Whoops, I Dropped the Ball

An article was shared by a friend on facebook the other day. It reminded me how many times I’ve begun a Bible challenge or project with full good intentions to better myself and deepen my relationship with Christ and then, I just up and drop the ball. No big reason to quit …  just negligence, or apathy, or an unwilling heart. All of which are rather embarrassing and shameful.  Granted, I didn’t accept this challenge for anyone but myself.  Yes, it was put forth to our whole church family but it was intended to be pursued through individual efforts.

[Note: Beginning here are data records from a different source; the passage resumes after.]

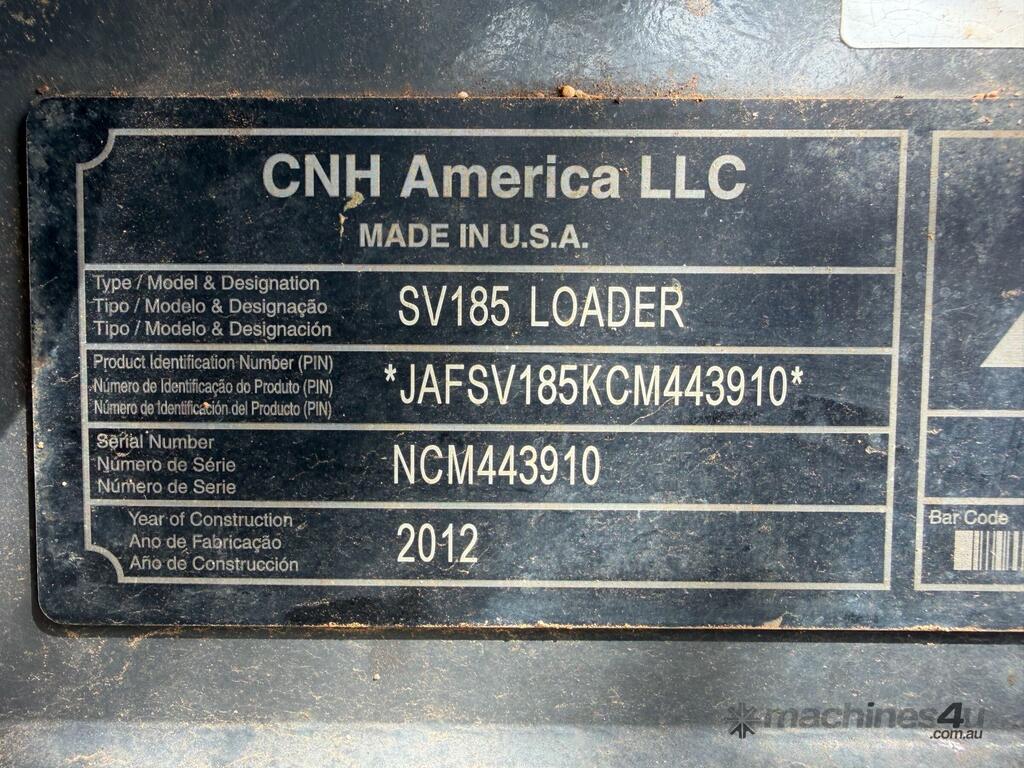 CP: CIRCA 2012,Case,SV185,Wheeled Skid Steer,4 Cyl,Odometer not visible,Hourmeter not visible,Colour: Orange,Rego. No: NP(MI4713), Unregistered WA,VIN: JAFSV185KCM443910,Serial No: NCM44391,Sold with No Plates,WOVR Status: WOVR N/A,Incident Type: Impact
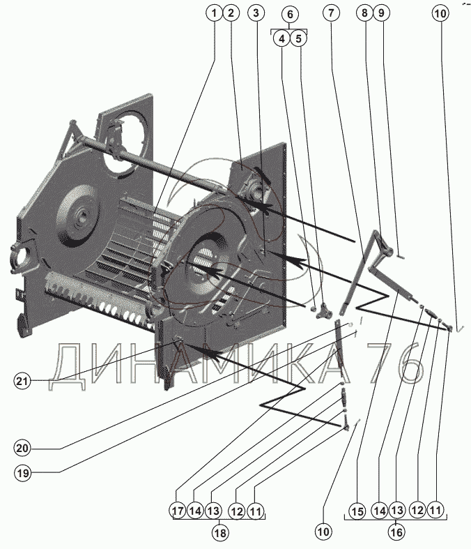Перечень комплектующих от Механизм подъема подбарабанья на РСМ-101 "Вектор"
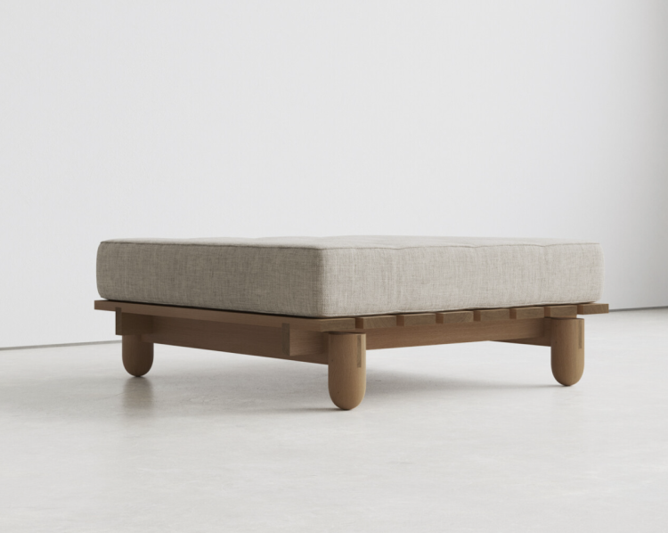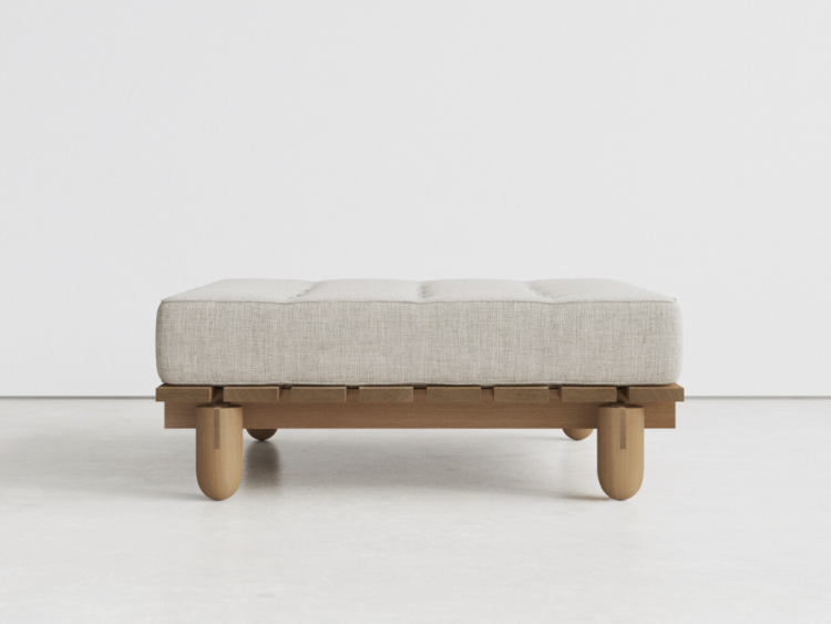 Materials: Solid domestic timber + fabric COM Wood Finish: Natural White Oak, Natural Walnut, Oxidized White Oak, Oxidized Walnut, Bleached Ash
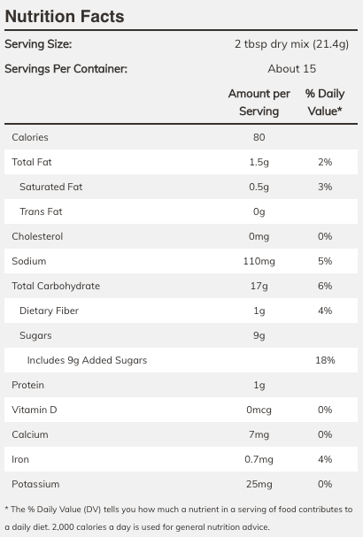 Ingredients: Organic Turbinado Sugar, Organic Brown Rice Flour, Millet Flour, Sorghum Flour, Chocolate Chips (cane sugar, chocolate liquor, cocoa butter), Organic Pea Protein, Organic Tapioca Flour, Arrowroot Powder, Organic Golden Flax Seed Meal, Baking Soda, Guar Gum, Sea Salt, Cinnamon.

Several items in this article – Ten Reasons To Memorize…  moved my heart.

1 – the whole thing about I have a bad memory – yeah, I’ve used this excuse and this guy says it is exactly why he’s memorized 5 books of the Bible! Makes sense to me  😉

2 – the accessibility of the Bible – I take this for granted even though I pray daily for those who are being persecuted for being Christians.

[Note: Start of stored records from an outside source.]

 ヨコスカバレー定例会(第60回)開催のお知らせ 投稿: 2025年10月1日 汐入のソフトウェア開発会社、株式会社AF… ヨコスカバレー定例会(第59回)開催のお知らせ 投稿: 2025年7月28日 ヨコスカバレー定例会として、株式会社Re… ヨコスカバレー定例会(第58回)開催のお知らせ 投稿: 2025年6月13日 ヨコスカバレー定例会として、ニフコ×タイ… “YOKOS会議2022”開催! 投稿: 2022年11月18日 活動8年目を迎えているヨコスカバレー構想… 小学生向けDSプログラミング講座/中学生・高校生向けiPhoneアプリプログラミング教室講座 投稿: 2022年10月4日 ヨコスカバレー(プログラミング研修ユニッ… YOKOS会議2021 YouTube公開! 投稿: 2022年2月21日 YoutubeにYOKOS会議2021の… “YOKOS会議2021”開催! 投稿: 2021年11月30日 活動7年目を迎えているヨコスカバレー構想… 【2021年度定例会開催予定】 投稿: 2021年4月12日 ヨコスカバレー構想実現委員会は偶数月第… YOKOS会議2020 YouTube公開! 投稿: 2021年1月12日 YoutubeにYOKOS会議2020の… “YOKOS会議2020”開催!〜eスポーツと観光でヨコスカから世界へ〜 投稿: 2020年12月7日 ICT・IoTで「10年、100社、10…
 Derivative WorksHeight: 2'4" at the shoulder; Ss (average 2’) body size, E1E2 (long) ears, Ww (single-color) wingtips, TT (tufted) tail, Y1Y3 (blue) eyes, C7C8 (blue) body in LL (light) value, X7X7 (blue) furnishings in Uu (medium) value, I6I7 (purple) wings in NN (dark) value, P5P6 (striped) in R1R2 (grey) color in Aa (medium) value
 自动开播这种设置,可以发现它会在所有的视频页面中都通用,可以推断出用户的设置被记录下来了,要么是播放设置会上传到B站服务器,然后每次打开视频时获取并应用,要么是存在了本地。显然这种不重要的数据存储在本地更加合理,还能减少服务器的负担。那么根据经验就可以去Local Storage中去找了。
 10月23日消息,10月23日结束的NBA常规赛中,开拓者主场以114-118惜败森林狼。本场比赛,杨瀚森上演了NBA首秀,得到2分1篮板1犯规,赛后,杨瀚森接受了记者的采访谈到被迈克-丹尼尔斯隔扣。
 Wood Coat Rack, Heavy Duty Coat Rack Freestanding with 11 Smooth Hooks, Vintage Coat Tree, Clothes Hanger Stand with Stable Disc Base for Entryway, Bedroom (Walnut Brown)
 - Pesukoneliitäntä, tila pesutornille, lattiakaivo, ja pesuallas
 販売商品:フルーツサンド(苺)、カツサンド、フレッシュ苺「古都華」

3 – I truly do want to reflect deeply on the Word – I want it to be a part of me.

4 – without a doubt I will suffer and those I love will suffer and to have this Word available for comfort for myself and others is a rare and wonderful gift.

I already had some scriptures selected to memorize and have several weeks of new memory work completed – I need to find my cards! But, also, I have a scripture prayer I put together for my kids way back when that I want in my heart. And too, I have Power Verses by the Dozen that I accumulated over the years and want to have ready in times of discouragement. I want to know enough ‘by heart’ to enable me to give a ready answer for any whomever may ask “why”. I want to be able to stand boldly and proclaim I am not ashamed of the gospel of Christ.  What if there comes a day when my Bible is stripped from my hands? or is banned totally on the internet?

  • I don’t want to be negligent in my spiritual walk.
  • I’ not apathetic about God’s word or his commands that we keep it in our hearts.
  • I don’t want to have an unwilling heart towards godly desires when I can be so passionate about worldly passions.
  • I may have stumbled and dropped the ball, but I’m chasing it down, will pick it up and will participate in the game.

Ball’s in my court and I choose to pass it to you … what will you do with this article and God’s word?